Joseph Casey, general manager of the Southeastern Pennsylvania Transportation Authority (SEPTA), remains optimistic about MAP-21, but agrees the United States must commit to long-term transportation funding that goes well beyond MAP-21’s two years. SEPTA is the nation’s fifth largest transportation operation.

“Considering the budget climate in Washington, MAP-21 can only be considered a success for transportation. What is critical from a transit operator’s perspective is a long-term federal transportation funding bill in order to properly plan and budget capital projects,” Casey said. “Although a two-year reauthorization bill, MAP-21 allowed SEPTA to enter into several contracts to rebuild our transit system. The new emphasis on state of good repair is especially important for “older” systems such as SEPTA, [which are] typically in the major economic centers of the country.”

Schruth said that any upswing in transit projects could provide both large, multi-disciplinary firms and smaller, niche consultants with new opportunities.

“To do a New Starts project, you need a range of expertise — engineers, administrators, environmental experts, public outreach and public information experts, financial experts, contracts and claims experts. Most (transit) agencies don’t have that breadth of expertise in-house. For example, there are 24 areas of compliance that grantees must pass, and only a few of the grantees nationwide have the staff to be able to handle all of those areas,” Schruth said.

MAP-21 doesn’t just provide great business opportunities, Spearing said. The legislation will go a long way in helping to meet a growing public demand for alternatives to the automobile and the gas pump.

“Riding transit makes good economic sense, and also is a safer alternative to any other mode of transportation. The business of transit results in $4 in economic return for every dollar invested and helps green the planet at same time.”

Spearing knows first-hand the benefits of safe, reliable means of transportation.
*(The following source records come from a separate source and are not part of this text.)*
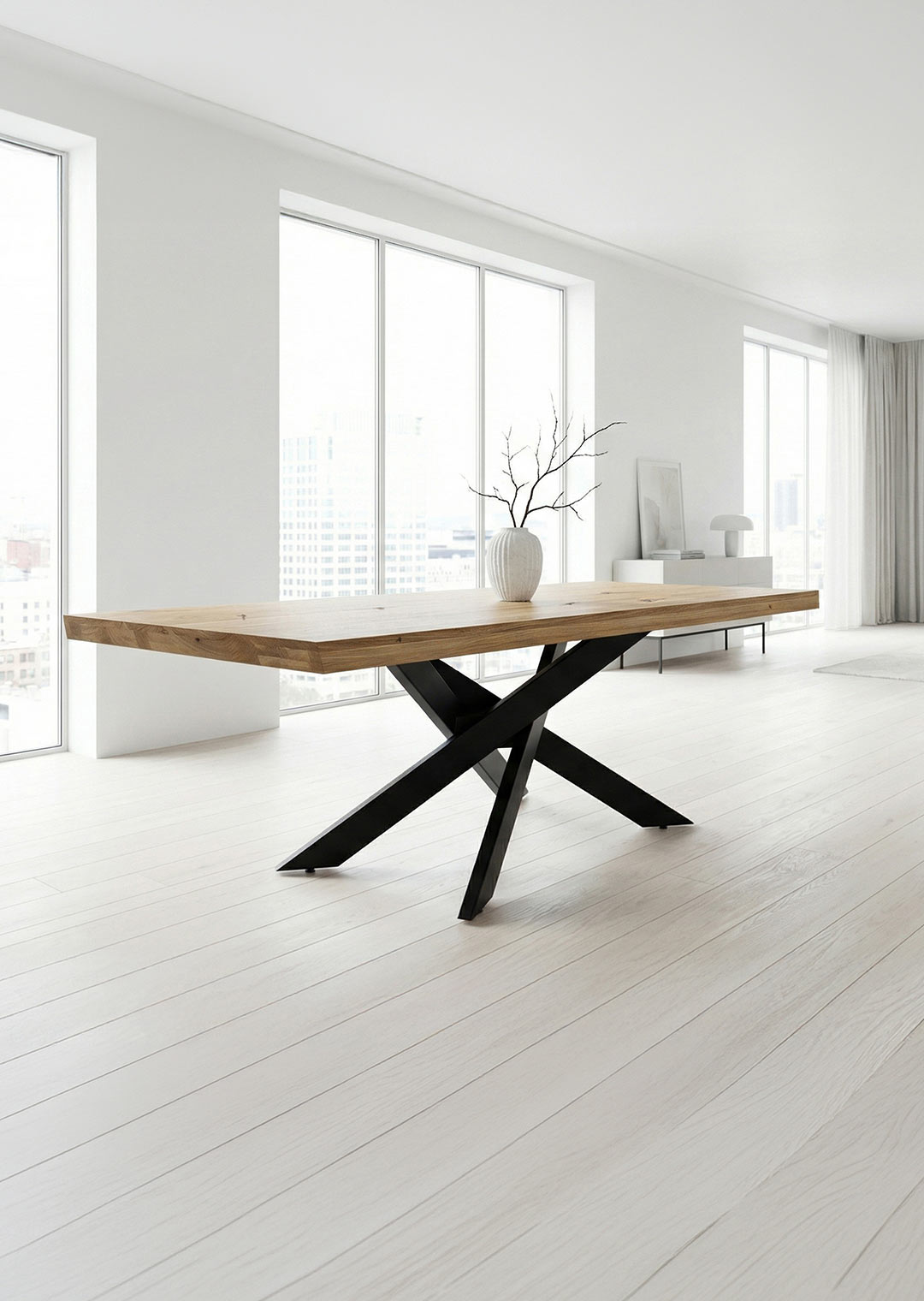 Der Esstisch AHUS vereint handwerkliche Qualität mit zeitgemäßer Formensprache und schafft so einen harmonischen Mittelpunkt für jedes Esszimmer. Die massive, geölte Wildeiche verleiht dem Tisch eine warme, natürliche Ausstrahlung, während die Schweizer Kante - eine elegant abgeschrägte Formgebung der Tischplatte - für Leichtigkeit und eine dynamische Silhouette sorgt. Die markante insgesamt ca. 60 mm starke Tischplatte hat eine durchgehende Plattenstärke von ca. 20 mm und einen zusätzlichen aufgedoppelten Rahmen von ca. 40 mm. Das schwarze Mikado-Gestell aus pulverbeschichtetem Metall bildet dazu einen spannenden Kontrast. Die Tischbeine kreuzen sich in der Mitte zu einem filigranen, spannenden Design mit dynamischer Optik, die den Tisch leichter wirken lässt und gleichzeitig Stabilität bietet. Das Zusammenspiel von natürlichen Materialien und modernen Akzenten macht AHUS zu einem Esstisch, der Charakter und Stilbewusstsein ausstrahlt.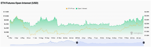此外,以太坊期货市场的未平仓合约(OI)不断增加,达到创纪录的101.9亿美元,这进一步证实了当前ETH价格的波动性。许多市场参与者预计,在以太坊ETF现货获批以及更广泛的加密货币市场可能采取行动的消息传出之际,以太坊价格将继续上涨。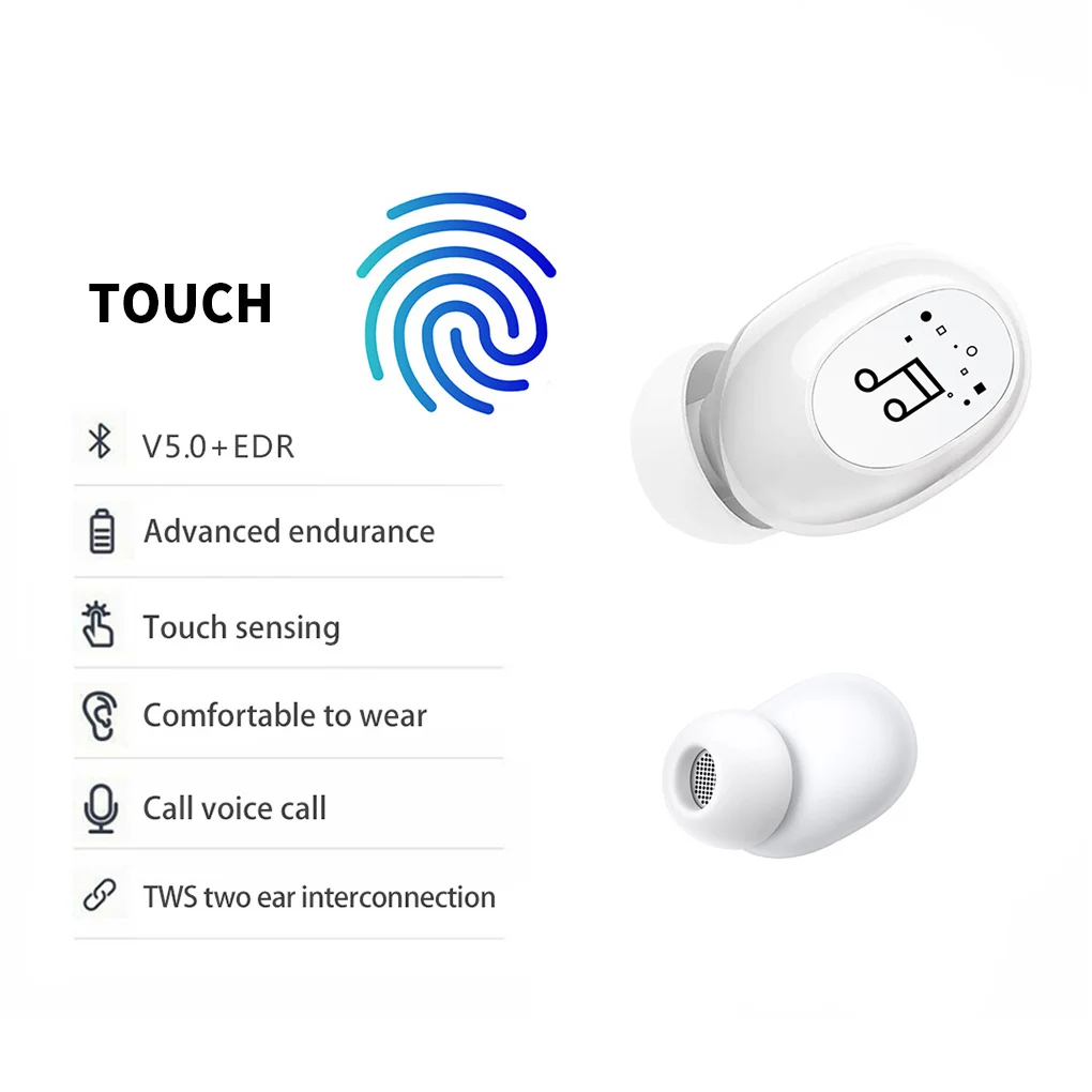Управление касанием и громкостью: этот тип наушников разработан в трогательном стиле, вы можете легко и быстро управлять им, многофункциональная одна кнопка поддерживает звонки на ответ/снижение, переключение языков и включение/выключение питания.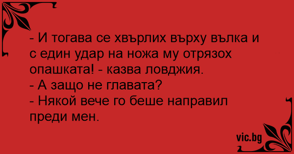 - И тогава се хвърлих върху вълка и с един удар на ножа му отрязох опашката! - казва ловджия.

He grew up “almost literally underneath the Frankford Elevated,” SEPTA’s elevated line that connects northern Philadelphia with Center City.

“We had a family of four that went to work, or to school, or got around the city every single day by using public transportation. It was a way of life. Bringing back that way of life and, at the same time, bringing public transportation into the 21st century will have very specific and lasting benefits for generations to come.”

 

Tricia M. McCunney is a technical writer with Hill International Inc.